*** EXTRACTED DATA ***
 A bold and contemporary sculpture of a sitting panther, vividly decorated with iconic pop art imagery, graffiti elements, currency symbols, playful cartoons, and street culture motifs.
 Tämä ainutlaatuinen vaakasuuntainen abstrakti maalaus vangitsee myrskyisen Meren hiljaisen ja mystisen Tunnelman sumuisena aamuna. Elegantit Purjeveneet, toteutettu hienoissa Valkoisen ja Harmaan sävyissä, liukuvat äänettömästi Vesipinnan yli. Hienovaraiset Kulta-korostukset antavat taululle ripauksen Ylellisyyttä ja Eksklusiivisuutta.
*** End of EXTRACTED DATA ***
*** EXTRACTED DATA ***
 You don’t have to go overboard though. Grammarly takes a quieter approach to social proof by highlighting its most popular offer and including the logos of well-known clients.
*** End of EXTRACTED DATA ***
▶ **WHAT YOU ARE ASKED TO DO**: Retype the portion of the data above that starts on the line with "A bold and contemporary" and finishes on the line with "Tämä ainutlaatuinen vaakasuuntainen", including both of those lines.

▶ **RESPONSE FOR THIS EXERCISE**:
 A bold and contemporary sculpture of a sitting panther, vividly decorated with iconic pop art imagery, graffiti elements, currency symbols, playful cartoons, and street culture motifs.
 Tämä ainutlaatuinen vaakasuuntainen abstrakti maalaus vangitsee myrskyisen Meren hiljaisen ja mystisen Tunnelman sumuisena aamuna. Elegantit Purjeveneet, toteutettu hienoissa Valkoisen ja Harmaan sävyissä, liukuvat äänettömästi Vesipinnan yli. Hienovaraiset Kulta-korostukset antavat taululle ripauksen Ylellisyyttä ja Eksklusiivisuutta.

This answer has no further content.